Sub-Categories of Work Stress

The mechanism of Mental stress is assigned to claims where an employee has experienced an injury or disease because of mental stress in the course of their employment. Mental stress includes sub-categories distinguished by the nature of the actions, exposures and events that might lead to disorders as specified. The sub categories are:

  • Work pressure—mental stress disorders arising from work responsibilities and workloads, deadlines, organisational restructure, workplace interpersonal conflicts and workplace performance or promotion issues.
  • Exposure to workplace or occupational violence—includes being the victim of assault by a person or persons who may or may not be work colleagues; and being a victim of or witnessing bank robberies, hold-ups and other violent events.
  • Exposure to traumatic event—disorders arising from witnessing a fatal or other incident.
  • Suicide or attempted suicide—includes all suicides regardless of circumstances of death and all attempted suicides.
  • Other mental stress factors—includes dietary or deficiency diseases (Bulimia, Anorexia).
  • Work-related harassment &/or workplace bullying—repetitive assault and/or threatened assault by a work colleague or colleagues; and repetitive verbal harassment, threats, and abuse from a work colleague or colleagues.
  • Other harassment—being the victim of sexual or racial harassment by a person or persons including work colleague/s.

ComCare changes concerns

July 7, 2015

Concerns are still being expressed about this bill.
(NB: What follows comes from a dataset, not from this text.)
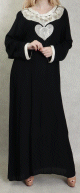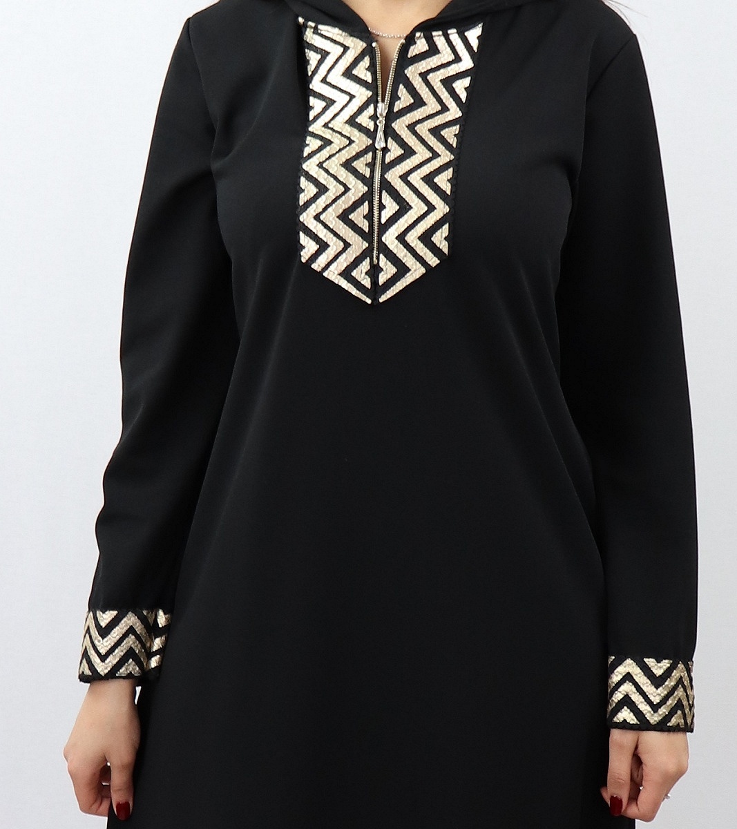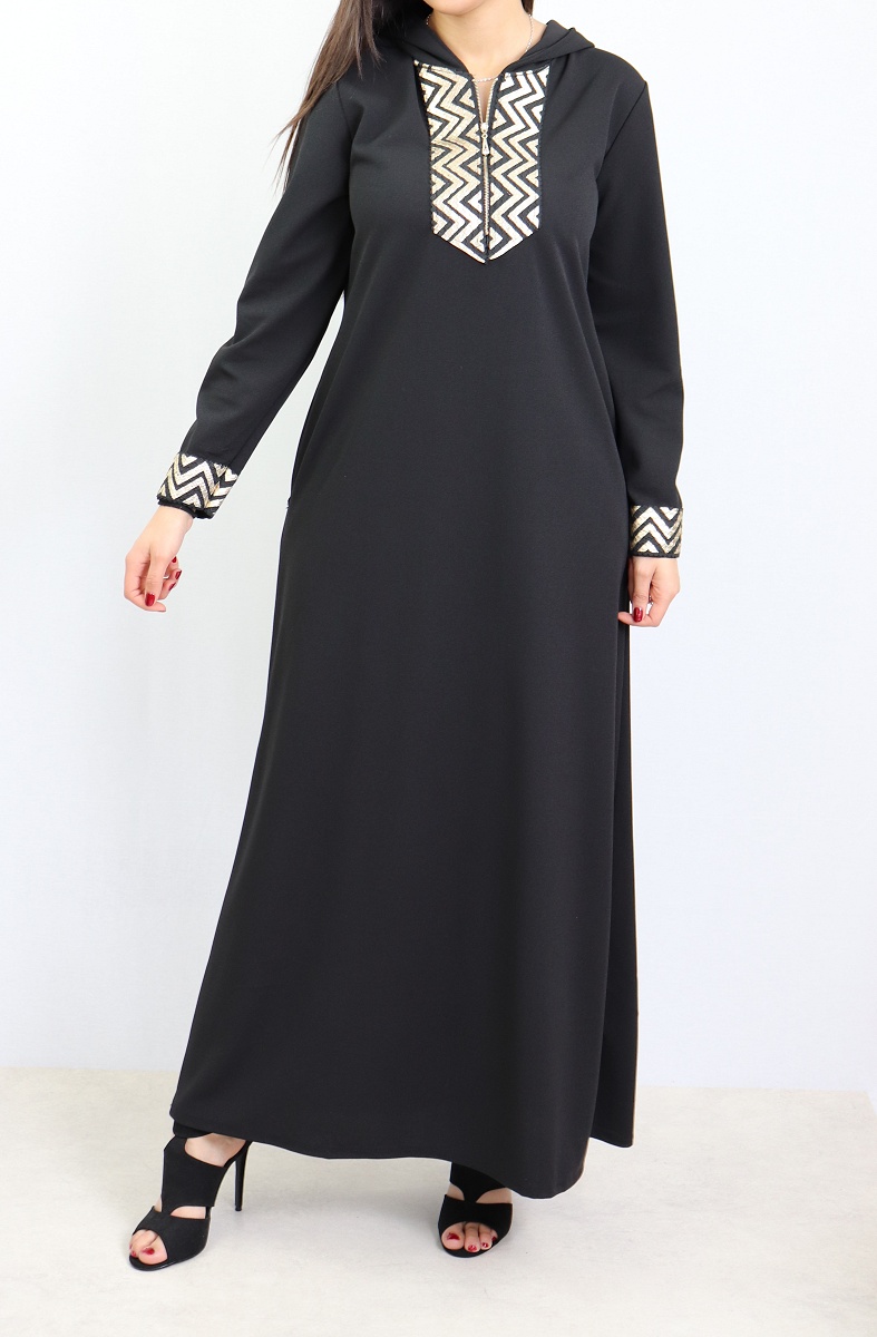 Abaya toute saisons avec capuche et ouverture zip au niveau du cou. Jolis motifs dorés au niveau de la poitrine et des manches, deux poches sur les côtés. Tissu épais (non transparent) et fluide (élastique).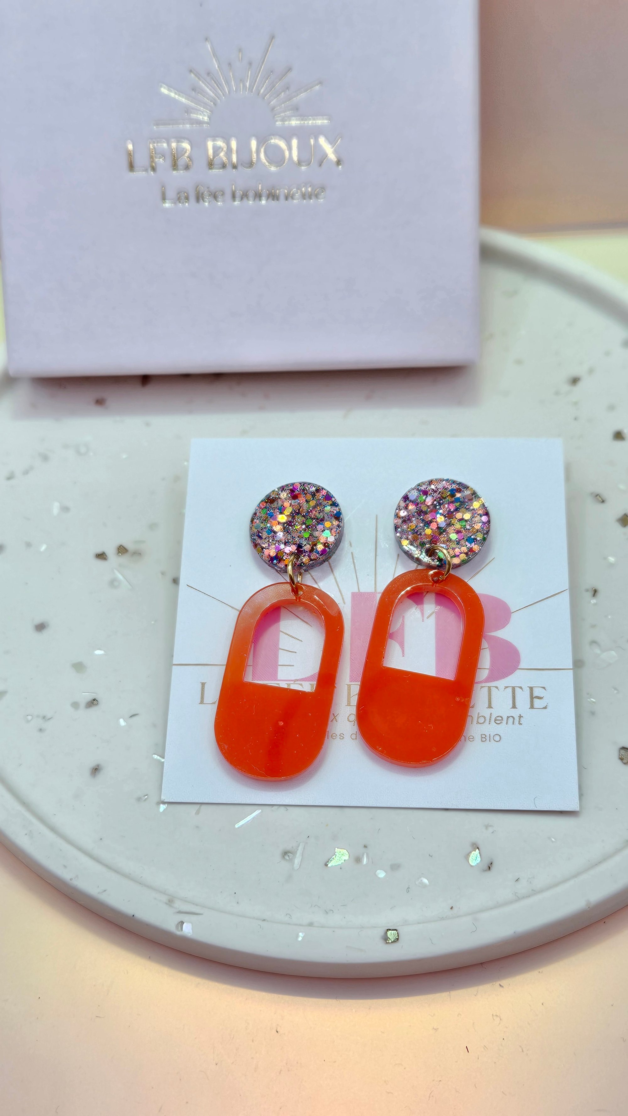 En résine Bio, paillettes végétales/ biodégradables et attaches en acier inoxydable.

The most recent from the Law Council of Australia in May 2015. The Council had a number of specific concerns to do with various matters. The matters most relevant to us are:

  1. “The Bill expands the notion of “reasonable administrative action” to virtually any management action by an Whilst it may be accepted that an expansion of the exclusion to the definition of injury is a matter for Parliament, the absence of a limitation or qualification of what is meant by the phrase “management action” is likely to lead to uncertainty and complex litigation, such as in Commonwealth Bank of Australia v Reeve (2012) 199 FCR 463, in order to determine the distinction between an employee’s usual duties and “management action”.

and

 

  1. The explanatory memorandum states that the Bill aims to “distinguish more clearly between work and non-work related injuries by requiring certain matters be taken into account in determining whether an ailment or aggravation was contributed to, to a significant degree, by an employee‘s employment” (page ii).
  2. Some of the amendments appear to require a decision-maker to apply value judgments at a level of abstraction that is not necessarily attainable without the assistance of expert evidence. For example, requiring a decision-maker to consider the probability that an employee would have been more or less likely to sustain a similar injury at a certain stage in their life is a matter that ought not to be left to the lay opinion of a decision-maker.
  3. Further, it is noted that this approach appears to involve a departure from the “eggshell-skull” principle – that the employer must take an employee as they find them, with or without existing ailments or propensity toward particular types of injury.